Wednesday, November 9, 2011

Janitorial Duties

There are a number of strategies writers adopt when they edit their work. There are some that will keep a document active for as long as it takes. Years, even decades will go by from the completion of the first draft to the final edit, while the writer will meticulously correct, restructure, and position every letter with the diligence and precision of a neurosurgeon. I respect this strategy, but it’s not for me, mostly because it requires a number of attributes I lack.

There’s the first-and-out strategy. I’ve known a couple of people who truly believe that the first draft is the most honest, that the raw text contains the purest form of the narrative and that’s what should be published, and good for them. Such people did not grow up required to take regular speech therapy sessions. I can’t legally describe what I would do for the ability to pass what I want to say through a trusted set of eyes before it shot out of my mouth. Any clever thing I’ve said – probably EVERY clever thing – was a result of me holding back a statement that crucial half second to get just a little bit closer to truth. Thoughts are pure and beautiful things, but the language used to express those thoughts inevitably fails to convey their whole essence. I firmly believe the best anyone can do is know their languages flaws well enough to occasionally use them to their advantage.

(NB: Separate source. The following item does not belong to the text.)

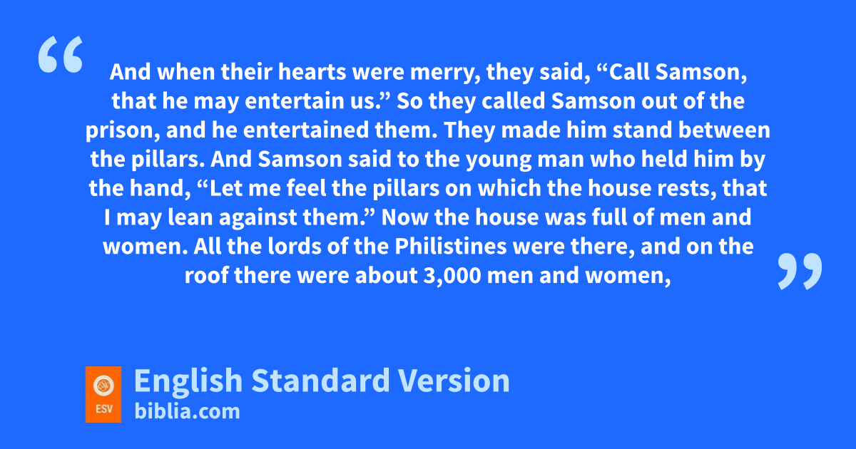 23 Now the lords of the Philistines gathered to offer a great sacrifice to nDagon their god and to rejoice, and they said, “Our god has given Samson our enemy into our hand.” 24 And when the people saw him, othey praised their god. For they said, “Our god has given our enemy into our hand, the ravager of our country, who has killed many of us.”2 25 And pwhen their hearts were merry, they said, “Call Samson, that he may entertain us.” So they called Samson out of the prison, and he entertained them. They made him stand between the pillars. 26 And Samson said to the young man who held him by the hand, “Let me feel the pillars on which the house rests, that I may lean against them.” 27 Now the house was full of men and women. All the lords of the Philistines were there, and qon the roof there were about 3,000 men and women, who looked on while Samson entertained.

Most people fall in the middle. They push the first draft out, ignoring the errors they find as they type, then go back and start cleaning it up enough that they can admit to another person they wrote it. Then those people tell the writer what they missed. Revise and review. The sequence and amount of time can vary endlessly, but it stops when the writer’s sick of looking at the thing. Most say “when the document is as clean as it can be before submission”, but there’s not one user of this strategy that hasn’t felt queasy at the thought of reviewing their manuscript another time.

There’s a lot that happens during the editing process that can determine how long it last, but ultimately it comes down to the deadline. How clean can a writer get their manuscript before someone with a checkbook gets bored waiting for it? Setting one’s own deadlines is a great disciplinary measure; a writer gets used to having to focus, to the best job in the fastest time, and develops skill as a result. Of course, writers have their own checkbooks. Often stained with red.